2) Helden, Weiler mit 30 Einwohnern, liegt 3/8 Stunden nordwestlich von Geddelsbach, auf einer bedeutenden Anhöhe über dem rechten Ufer der Brettach, an der Grenze des Oberamts Weinsberg und Öhringen. Wenige zerstreut liegende, ziemlich armselige Häuser – von mageren steinigten Feldern umgeben.

Trinkwasser erhält der hochgelegene Weiler von mehreren an dem Weg und Abhang entspringenden, gutes Wasser liefernden, ungefaßten Quellen.

Geddelsbach (auch Gedelsbach geschrieben) gehörte im 15. Jahrhundert den Haller Bürgern Berler und wurde im Jahr 1482 von Heinrich Berler an Graf Kraft von Hohenlohe verkauft.
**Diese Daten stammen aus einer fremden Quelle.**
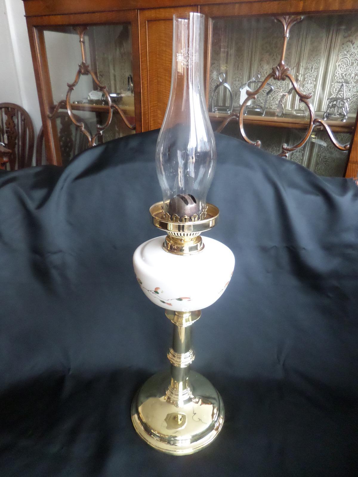 Victorian Brass Oil Lamp with Hand Painted Milk Glass Reservoir & Chimney
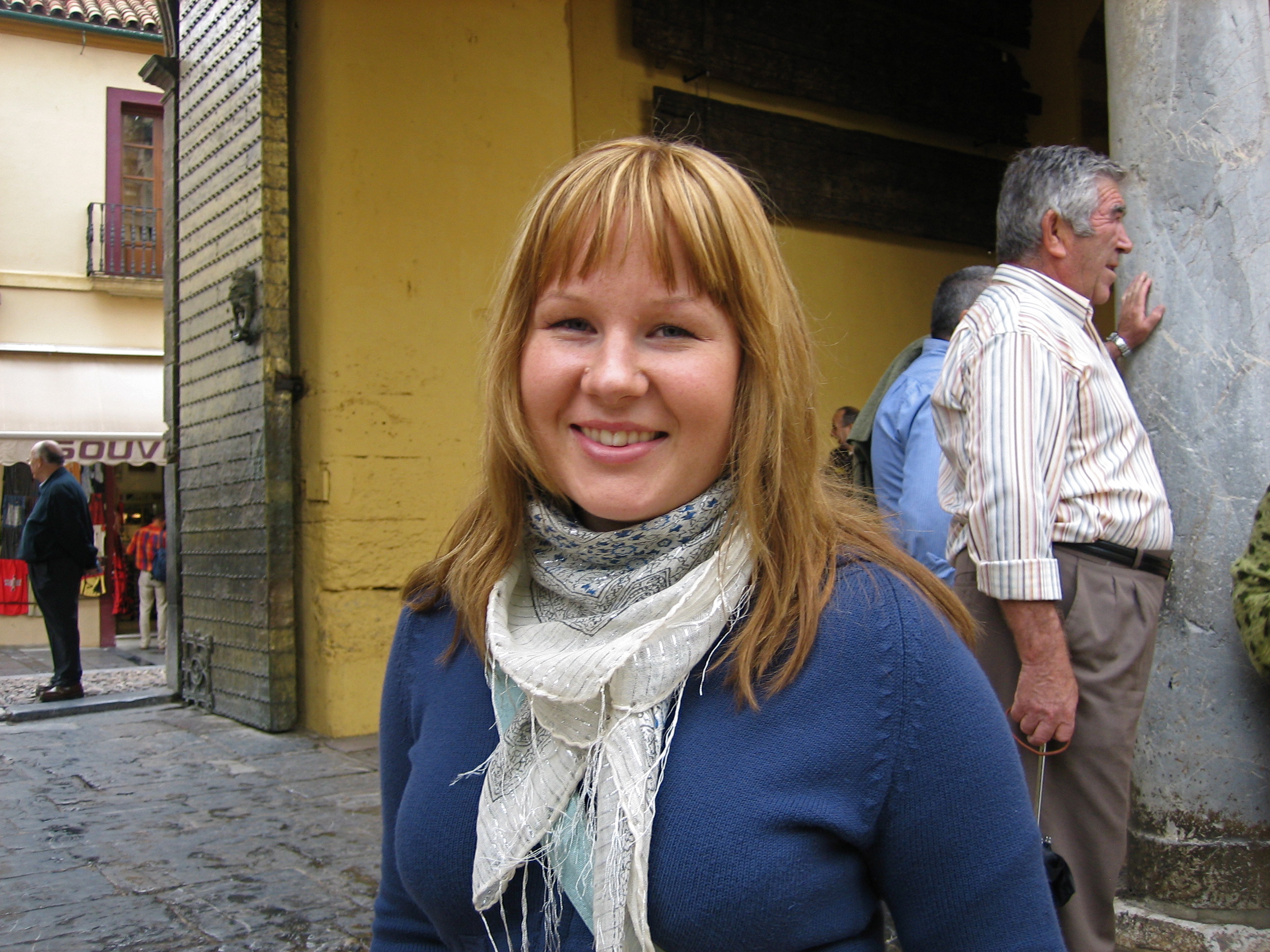 Suuntasimme Córdobaan Málagasta bussilla (bussilla liikkuminen on Espanjassa edullista). Jäimme pois hieman keskustan ulkopuolelle jäävällä bussiasemalla ja koska satoi, hyppäsimme paikallisbussin kyytiin. Missasimme varsinaisen keskustan, mutta huomasimme kyllä, kun tulimme sen ulkopuolelle ja jäimme ensimmäisellä mahdollisella pysäkillä pois. Pahaksi onneksemme sade oli bussimatkan aikana vain yltynyt ja kastuimme ikävästi matkalla keskustaan. Oli tosi kiva viettää päivä märissä vaatteissa ja ei-niin-tyylikkäänä. Onneksi siihen aikaan (olisiko ollut lokakuuta) ei ollut vielä kylmä ilma.

Bei der Grundtheilung der Hohenlohe’schen Lande im Jahr 1553 fiel es mit dem Mutterort Unterheimbach in den Waldenburg’schen Antheil und theilte sofort durchgängig das Geschick des Mutterorts, mit welchem es auch bis zum Jahr 1847 nur Eine politische Gemeinde bildete und vor der Mediatisirung im Jahr 1806 zum fürstl. Hohenlohe’schen Amt Adolzfurth gehörte. Zu einer eigenen politischen Gemeinde und Schultheißerei wurde es erst im Jahr 1847 erhoben. 1807 dem Oberamt Öhringen mit dem Mutterort zugetheilt, gieng es 1811 mit Unterheimbach an das Oberamt Weinsberg, und vom Dekanat| Öhringen im Jahr 1822 an das Dekanat Weinsberg über. Der kirchliche Verband mit Unterheimbach besteht noch jetzt.

Gefällberechtiget war bei Erscheinung der Ablösungsgesetze von 1848 und 49:

1) Fürst von Hohenlohe-Waldenburg,
2) Hospitalverwaltung Öhringen,
3) Fürst von Hohenlohe-Bartenstein,
4) Fürst von Löwenstein-Werthheim,
5) Freiherr von Weiler,
6) Fürst von Hohenlohe-Öhringen,
7) Freiherr v. Gemmingen-Hornberg und Teufel-Birkensee.